Saturday, June 14, 2008

Fronda of the Plains, Part 1

A Lance Lawman story, by Gimp Pecosa


Lance woke early, fingers of hot sun poking through the chinks in the mortar and prodding him to “get up, get up, see to what needs seeing to.” It was going to be another scorcher, he thought, as he dragged himself out of his sweaty burlap sheets and damp mattress-ticking, and up and out the cabin door. Blinded by the sun, whose force was more like a mean left hook than a poke now, he staggered across the yard to the water trough. He scooped up a handful of tepid water and threw it over his sweat-greasy face. “What a way to enter the waking world,” he thought, and said, to no-one in particular, “My aunt Beatrice, but it’s dang hot today!”

As his eyes began to adjust to the nuclear brightness of the Texas morning sun, he looked out over the plain and wished, for the thousandth time, that the tiny cottonwoods he had planted on the edge of the paddock were higher than his knee. He wished for trees – any kind of tree: birch, maple, oak, willow, it didn’t matter, so long as it stood solid, large and proud against the sun and cast its sweet cool shadow over him. But instead, the bald horizon stared back at him, curving downward like an angry mouth. He kicked the bare ground and winced at the little plume of dust that rose there. Then he turned and started back to the cabin, stopping to relieve himself against a fencepost, cursing the lack of trees again.

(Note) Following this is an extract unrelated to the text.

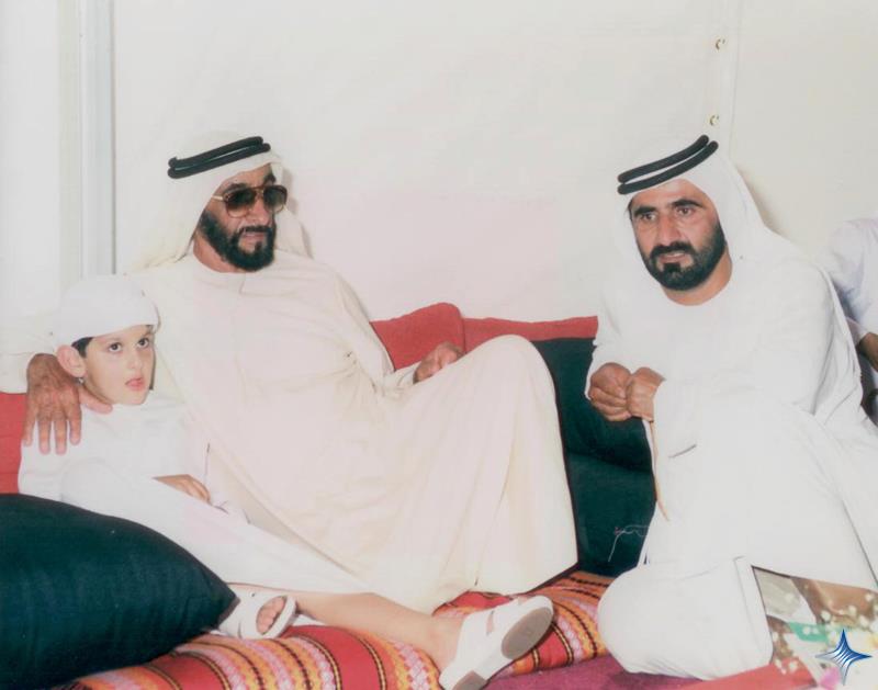 戴安娜王妃访问阿拉伯联合酋长国时与酋长穆罕默德·拉希德合照

As he let his stream go, as it hit the dust and sent little whirls of dust and steam up into the hot air, he looked around the bare paddock. And something – there, right by the edge, by the baby cottonwoods – caught his eye. A pile of blackened brushwood, cinders. Had someone built a fire – right here, on his property, while he slept? He tucked himself in and went to investigate.

It was indeed a pile of cinders, surrounded by a well of footprints, marking a distinct circular pattern. There were three feathers stuck standing straight up in the middle of the cinders – marking the spot where a tiny skeleton, bits of flesh still clinging to its tiny ribcage, lay – or rather stood, posed as if it were sitting up, head perched on top with rather a lot of blackened skin and hair still covering it. Some kind of rodent. As big as Lance’s big hammy hand, with sharp teeth and little claws and – “Oh god!” Lance uttered, almost realizing it – “Oh my god! A squirrel!” – and he turned on his heel and beat it back to the cabin, double-time.

“FRONDA!” he cried, as he ran. “Fronda! Baby, are you there? Little Fronda, my little Fronda!” – and burst back into the gloomy cabin, where he shook his head, trying to make his eyes adjust, as he stumbled toward the corner. There stood a willow-bark cage. Empty, as empty as his tobacco-tin piggy bank, as empty as the promise of Cherry, the beautiful girl who had first brought Fronda to him in a basket lined with linen cloths, a tiny bonnet on the squirrel’s little furry head. “I’ll be back for her soon,” Cherry had said, “I promise. And when I come back there’s something in it for you too, you big hunk of lawman.” That was a year ago, and since then he’d gone to the general store every week to get the pecans Fronda liked, had lined her cage with fresh grass, and had told her all his stories, his joys, fears, and sorrows. And he had dreamt of Cherry night after night, and sometimes in the dreams Cherry had little dark eyes like Fronda’s, and she nestled against him with the same little soft burrowing motions that Fronda made.

And now Fronda was gone. Gone forever, irreversibly gone. An ache started deep in Lance’s chest and swelled and swelled up, up to his throat, his mouth – and he opened his mouth and released a cry, an inhuman sound, a wounded animal bringing the dark matter of his pain out into the sunlight, a wrenching, grating syllable: “NOOOOOOOO!”